◆ **Task goal**
Your job with the data below: print everything from the line that holds "糯糯的樱花粉色毛呢大衣,内搭学院风几何肌理卫衣裙,甜美中透露着运动休闲风!" down to the line that holds "Direktori usahawan secara", ends included, exactly, and nothing else.

◆ **Exercise materials**
• • • •

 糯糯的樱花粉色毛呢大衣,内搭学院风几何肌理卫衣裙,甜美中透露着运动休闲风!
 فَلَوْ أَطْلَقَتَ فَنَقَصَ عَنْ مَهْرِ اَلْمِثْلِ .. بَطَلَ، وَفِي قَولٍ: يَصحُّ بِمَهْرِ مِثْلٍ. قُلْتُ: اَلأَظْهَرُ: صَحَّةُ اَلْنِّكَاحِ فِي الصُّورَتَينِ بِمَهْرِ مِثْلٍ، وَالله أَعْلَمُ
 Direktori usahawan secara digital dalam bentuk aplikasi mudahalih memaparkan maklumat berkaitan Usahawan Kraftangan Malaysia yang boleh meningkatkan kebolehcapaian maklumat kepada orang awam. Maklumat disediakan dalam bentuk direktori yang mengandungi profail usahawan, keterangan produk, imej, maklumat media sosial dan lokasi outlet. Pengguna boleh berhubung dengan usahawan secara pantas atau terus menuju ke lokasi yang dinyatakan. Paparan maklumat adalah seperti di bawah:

• • • •

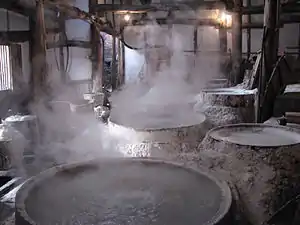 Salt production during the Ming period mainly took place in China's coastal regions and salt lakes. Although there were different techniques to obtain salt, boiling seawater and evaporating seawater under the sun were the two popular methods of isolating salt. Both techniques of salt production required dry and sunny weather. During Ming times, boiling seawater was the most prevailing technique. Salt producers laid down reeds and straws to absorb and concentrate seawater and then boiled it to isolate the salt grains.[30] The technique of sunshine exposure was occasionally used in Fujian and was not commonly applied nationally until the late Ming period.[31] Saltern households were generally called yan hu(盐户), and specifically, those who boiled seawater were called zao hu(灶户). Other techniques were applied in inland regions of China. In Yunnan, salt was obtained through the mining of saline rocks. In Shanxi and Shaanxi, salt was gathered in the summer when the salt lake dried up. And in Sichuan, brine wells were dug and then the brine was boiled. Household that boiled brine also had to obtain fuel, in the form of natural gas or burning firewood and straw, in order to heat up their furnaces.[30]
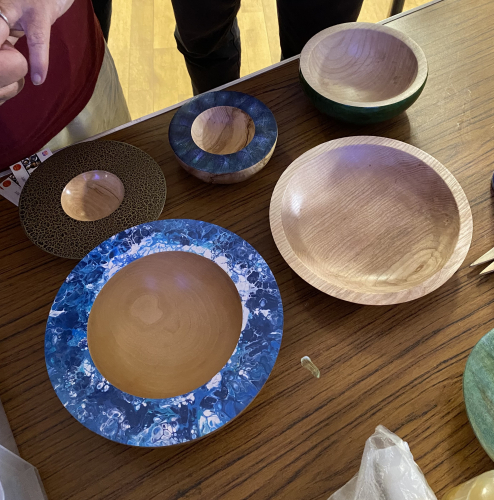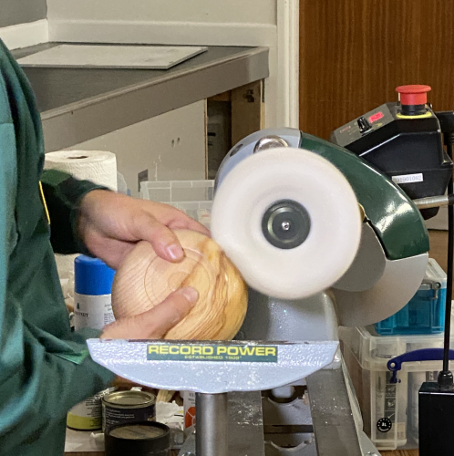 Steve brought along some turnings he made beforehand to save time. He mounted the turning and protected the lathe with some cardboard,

• • • •

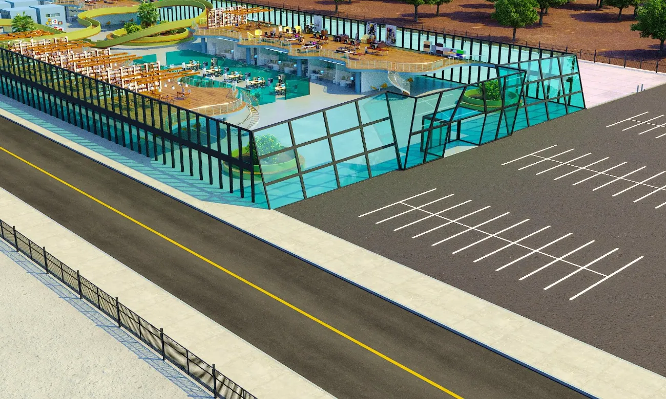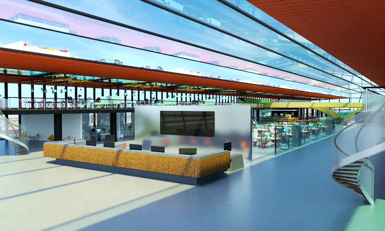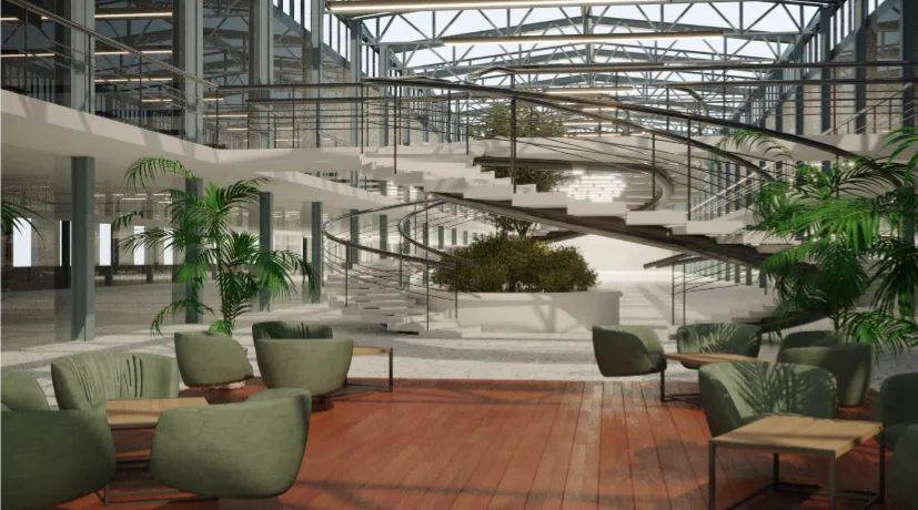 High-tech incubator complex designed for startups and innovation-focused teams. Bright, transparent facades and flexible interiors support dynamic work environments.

• • • •

◆ **Written response**
 糯糯的樱花粉色毛呢大衣,内搭学院风几何肌理卫衣裙,甜美中透露着运动休闲风!
 فَلَوْ أَطْلَقَتَ فَنَقَصَ عَنْ مَهْرِ اَلْمِثْلِ .. بَطَلَ، وَفِي قَولٍ: يَصحُّ بِمَهْرِ مِثْلٍ. قُلْتُ: اَلأَظْهَرُ: صَحَّةُ اَلْنِّكَاحِ فِي الصُّورَتَينِ بِمَهْرِ مِثْلٍ، وَالله أَعْلَمُ
 Direktori usahawan secara digital dalam bentuk aplikasi mudahalih memaparkan maklumat berkaitan Usahawan Kraftangan Malaysia yang boleh meningkatkan kebolehcapaian maklumat kepada orang awam. Maklumat disediakan dalam bentuk direktori yang mengandungi profail usahawan, keterangan produk, imej, maklumat media sosial dan lokasi outlet. Pengguna boleh berhubung dengan usahawan secara pantas atau terus menuju ke lokasi yang dinyatakan. Paparan maklumat adalah seperti di bawah:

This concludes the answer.